By Webteam - 21st September 2019 6:01am
Vive La Republique!
The French Revolution was a period of far-reaching social and political upheaval in France and its colonies beginning in 1789. The Revolution overthrew the monarchy, established a republic, catalyzed violent periods of political turmoil, and finally culminated in a dictatorship under Napoleon who brought many of its principles to areas he conquered in Western Europe and beyond. Inspired by liberal and radical ideas, the Revolution profoundly altered the course of modern history, triggering the global decline of absolute monarchies while replacing them with republics and liberal democracies. Through the Revolutionary Wars, it unleashed a wave of global conflicts that extended from the Caribbean to the Middle East.
Late in August 1792, elections were held, now under male universal suffrage, for the new National Convention, which replaced the Legislative Assembly on 20 September 1792. From the start the Convention suffered from the bitter division between a group around Robespierre, Danton and Marat, referred to as 'Montagnards' or 'Jacobins' or the 'left', and a group referred to as 'Girondins' or the 'right'. But the majority of the representatives, referred to as 'la Plaine', were member of neither of those two antagonistic groups and managed to preserve some speed in the Convention's debates.
Immediately on 21 September 1792 the Convention abolished the monarchy, making France the French First Republic. A new French Republican Calendar was introduced to replace the Christian Gregorian calendar, renaming the year 1792 as year 1 of the Republic
External threats closely shaped the course of the Revolution. The Revolutionary Wars beginning in 1792 ultimately featured French victories that facilitated the conquest of the Italian Peninsula, the Low Countries and most territories west of the Rhine — achievements that had eluded previous French governments for centuries. Internally, popular agitation radicalised the Revolution significantly, culminating in the rise of Maximilien Robespierre and the Jacobins. The dictatorship imposed by the Committee of Public Safety during the Reign of Terror, from 1793 until 1794, established price controls on food and other items, abolished slavery in French colonies abroad, de-established the Catholic church (dechristianised society) and created a secular Republican calendar, religious leaders were expelled, and the borders of the new republic were secured from its enemies.
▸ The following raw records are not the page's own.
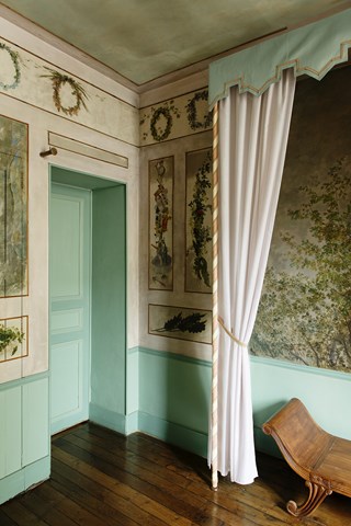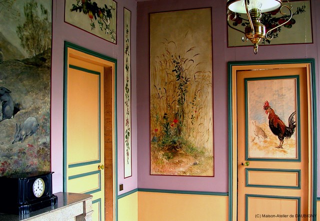 « À moments perdus », principalement les jours de pluie où il ne fait pas bon d’aller dehors pour peindre sur le motif, les Daubigny et leurs amis s‘activent à l’intérieur de l’Atelier. Ils reproduisent les dessins de Corot sur pas moins de 100m² de toile marouflée sur les murs. Oudinot, aussi peintre à ses heures, conçoit la cheminée sculptée en bois et les dessus de porte.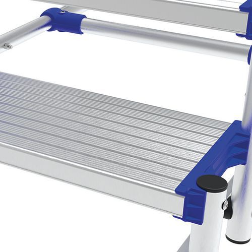 Beidseitig betretbarer, stationärer Steg aus Aluminium, niedrige Zugangshöhe. Sicher: 2 integrierte Geländer für verbesserte Absturzsicherung. Stabil mit breiter Plattform und rutschfesten, tiefen Stufen. Der Steg kann bei Bedarf mit großen Doppelbefestigungsfüßen am Boden befestigt werden. Komfortabel, skalierbar, vielseitig, an alle Anforderungen anpassbar. Sehr widerstandsfähige Struktur, geeignet für den intensiven Gebrauch, flache Böden erforderlich. Doppio piedino di fissaggio, viti Ø 8 mm (non incluse). Ringhiera con zoccolo integrato (h 100 mm).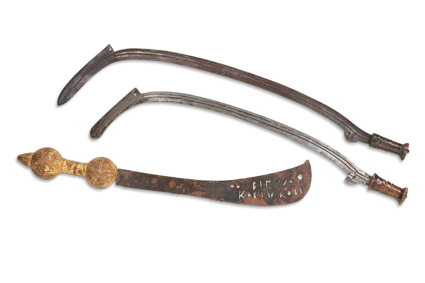 Comprenant un sabre Ashanti et deux sabres à lames courbes.

The modern era has unfolded in the shadow of the French Revolution. Almost all future revolutionary movements looked back to the Revolution as their predecessor. Its central phrases and cultural symbols, such as La Marseillaise and Liberté, fraternité, égalité, ou la mort, became the clarion call for other major upheavals in modern history, including the Russian Revolution over a century later.
The values and institutions of the Revolution dominate French politics to this day. The Revolution resulted in the suppression of the feudal system, emancipation of the individual, a greater division of landed property, abolition of the privileges of noble birth, and nominal establishment of equality among men. The French Revolution differed from other revolutions in being not only national, for it intended to benefit all humanity.
Globally, the Revolution accelerated the rise of republics and democracies. It became the focal point for the development of most modern political ideologies, leading to the spread of liberalism, radicalism, nationalism, and secularism, among many others. The Revolution also witnessed the birth of total war by organising the resources of France and the lives of its citizens towards the objective of national defence. Some of its central documents, such as the Declaration of the Rights of Man and of the Citizen, continued to inspire movements for abolitionism and universal suffrage in the next century.